Hire the best, then delegate and empower
One common culprit behind managerial burnout is the insistence on adhering to the old adage, “If you want something done right, do it yourself.” Instead, smart managers know they need to first hire the best employees possible, then empower and delegate to them.
Let your team members take on more responsibility. Give them the tools they need to know when to use their new authority, when to call you, and when to say a kind yet firm “no” if necessary.
Respect your own boundaries
Learn how to establish and enforce your own boundaries. Think about specifics: When can people from work intrude on your personal time? Under what circumstances?
One way to help your team members help you more effectively is to empower them more to handle certain situations that might arise without calling you.
For example, if the assistant manager on duty is empowered to resolve diner complaints up to $25 without further approval, you won’t have to be disturbed every time someone complains about an overcooked steak.
But you also have to enforce and respect your own boundaries. Resist the urge to check in, reply to emails, or send instructions when you’re supposed to be off-duty.
Only by training yourself to respect your own boundaries can you hope to train others to respect them as well.
By the same token, it’s important to be clear with yourself about what you need in the first place.
Don’t assume what’s best for others is good enough for you. People have varying needs for sleep, nutrition, and mental health self-care. You may need more time for spiritual reflection than another person, or less sleep but more time to spend with your children.
Be clear about your needs, and take care of those first. The notion of putting your own oxygen mask on first before assisting others holds true in most contexts.
Unplug every so often
Get over your fear of the “off” button.
When you’re on vacation, or even enjoying a day off, discipline yourself to turn off the work phone, the email notifications, and anything that keeps you tied to the workplace.

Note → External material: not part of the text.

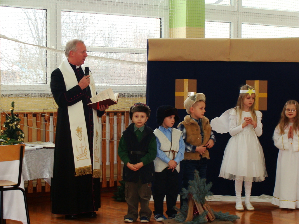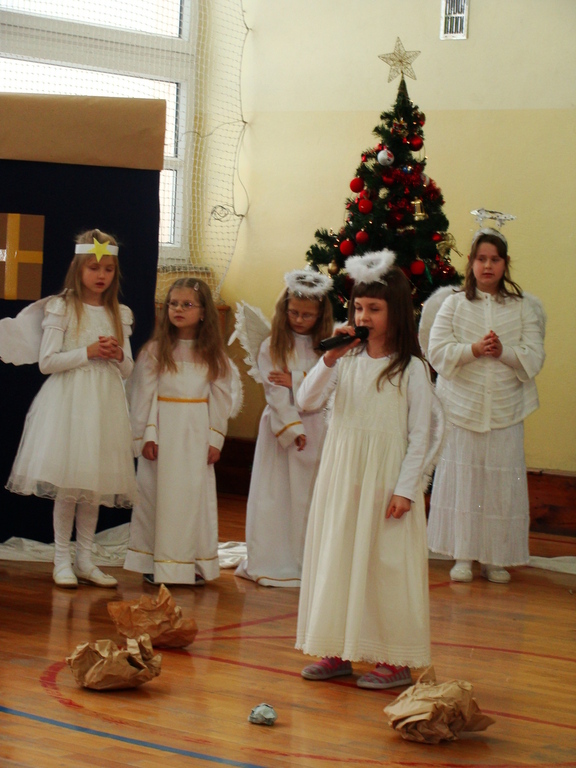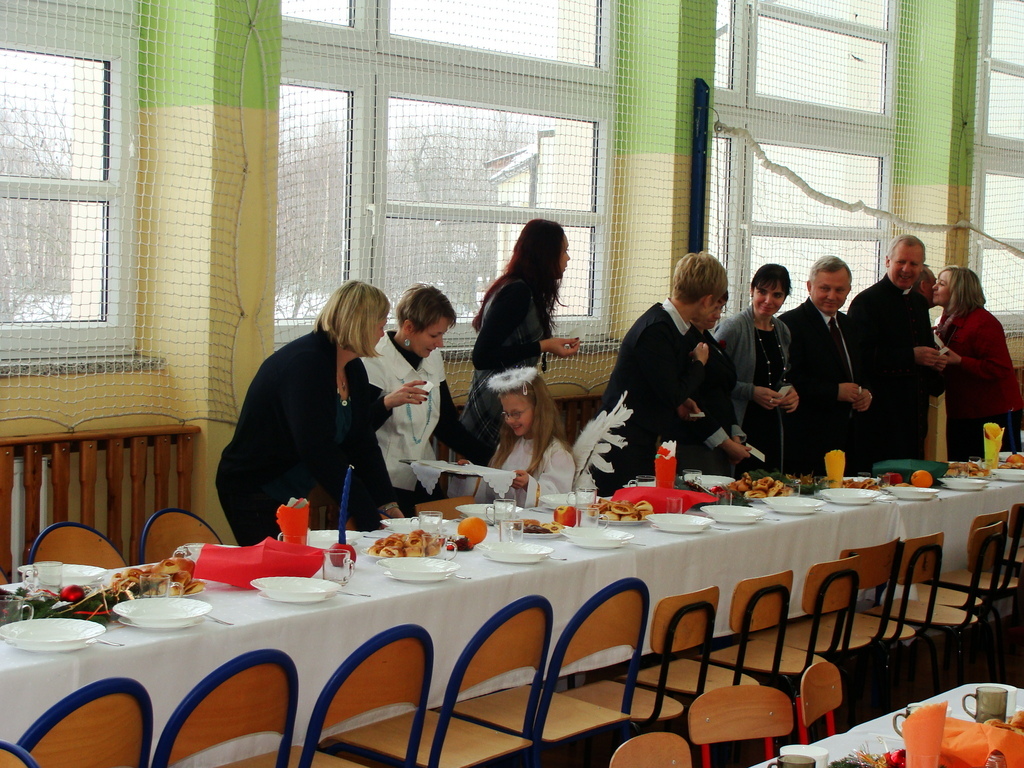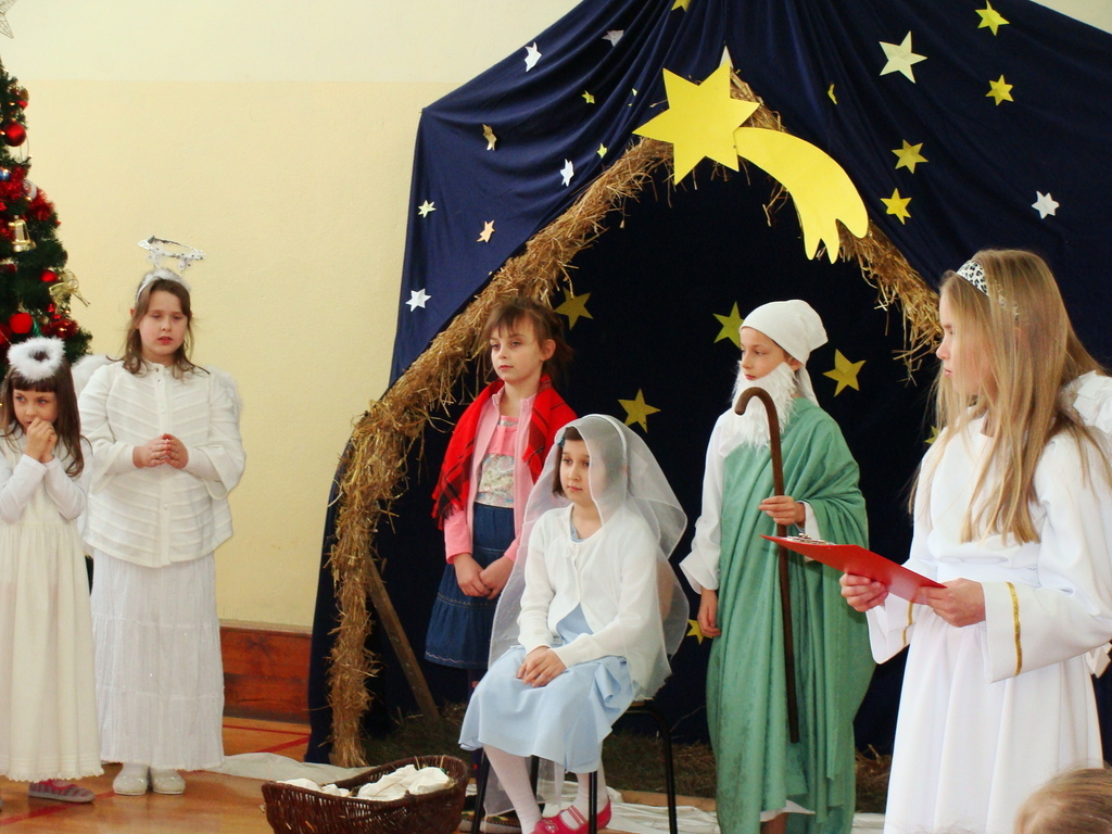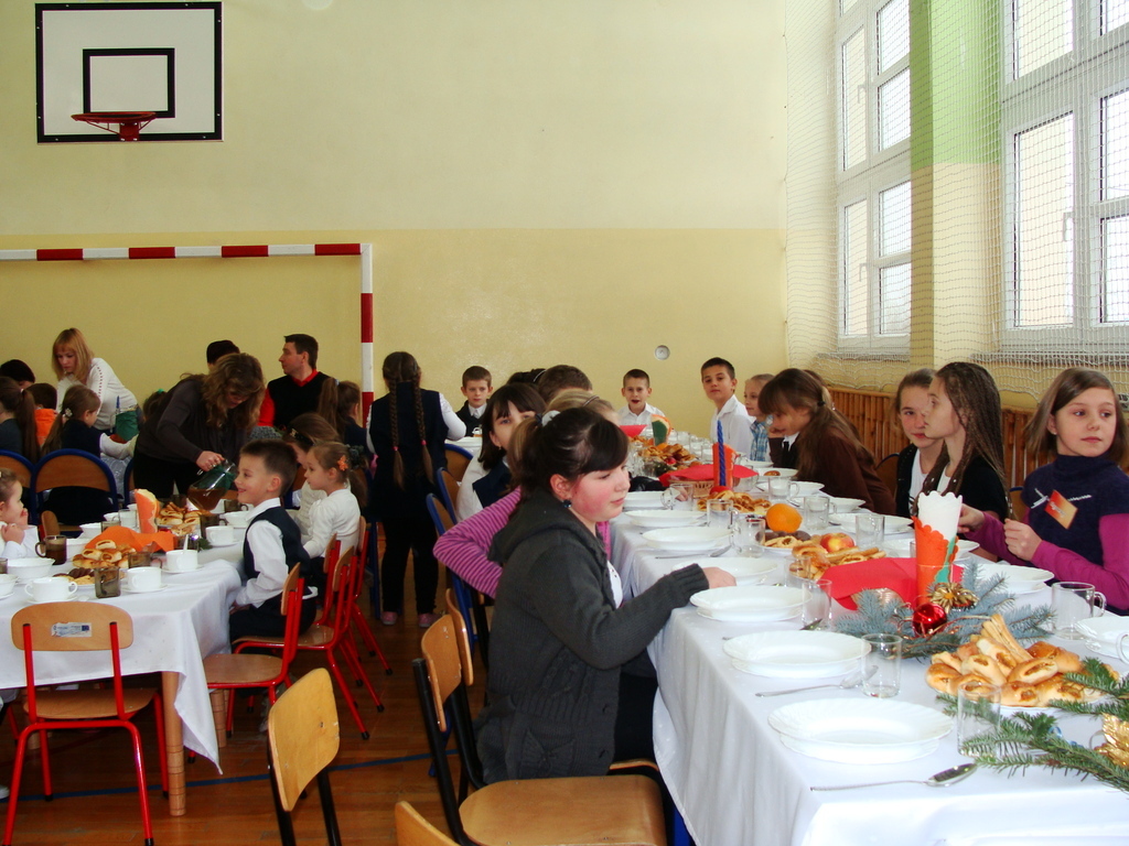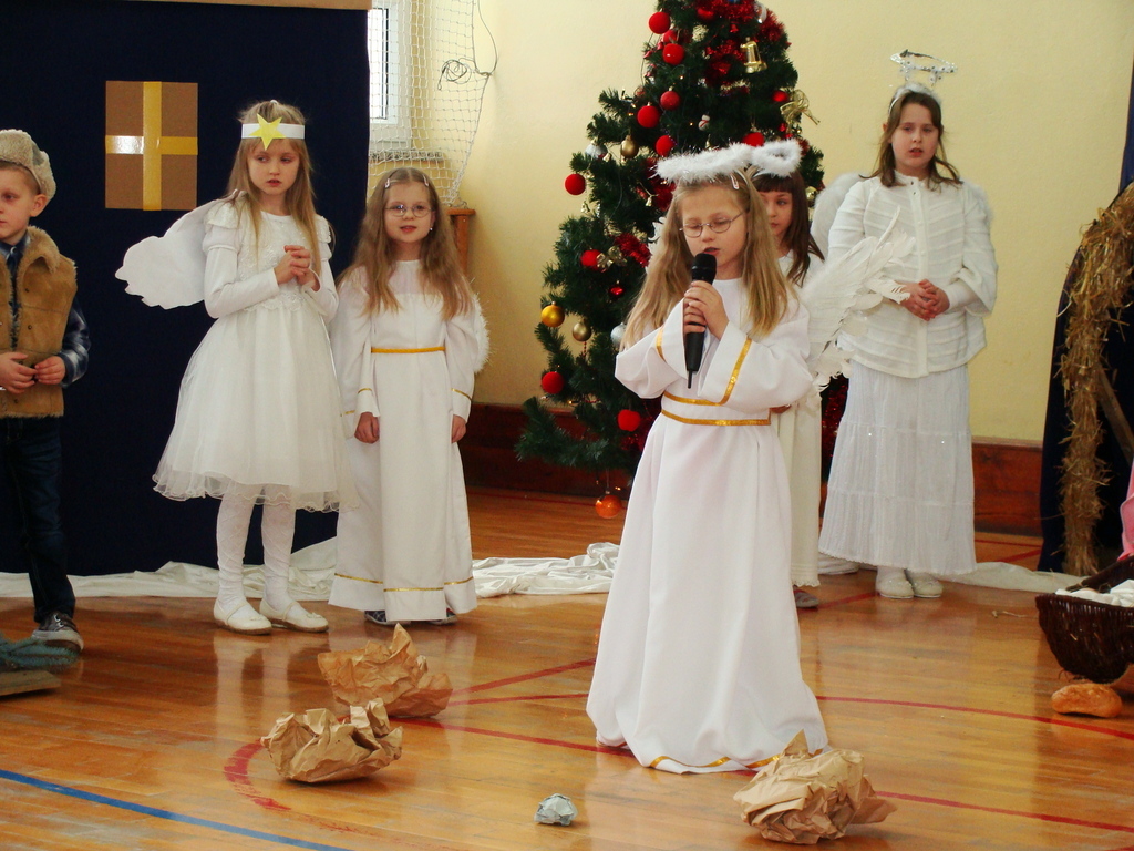 W przedostatni dzień nauki w szkole przed świętami dzieci zaprezentowały jasełka, a po nich odbyło się wspólne dzielenie opłatkiem i poczęstunek.

Additionally, set your out-of-office email notification and before you leave, make sure your second in command is duly authorized to handle most challenges that might pop up in your absence.
Unplugging from the workplace completely during those vacations and longer breaks is invaluable in helping you regain perspective to see your life as a whole, instead of a long series of workdays interrupted with personal breaks.
If you never disconnect, then on some level you’re always “on” and tethered to the workplace. That means your brain never has an adequate chance to recover and refresh itself, which is crucial for optimal performance.
Keep in mind that maintaining work-life balance is in many respects just like maintaining physical balance.
Imagine yourself on one of those balance boards. You don’t simply achieve a static balanced condition and just stay still. It’s a constant process of adjustments — a little more here, a little less there.
Work-life balance is the same. So don’t get frustrated with yourself if you take the occasional phone call after dinner or take a mental health day every so often. Judge your overall progress instead of your daily performance.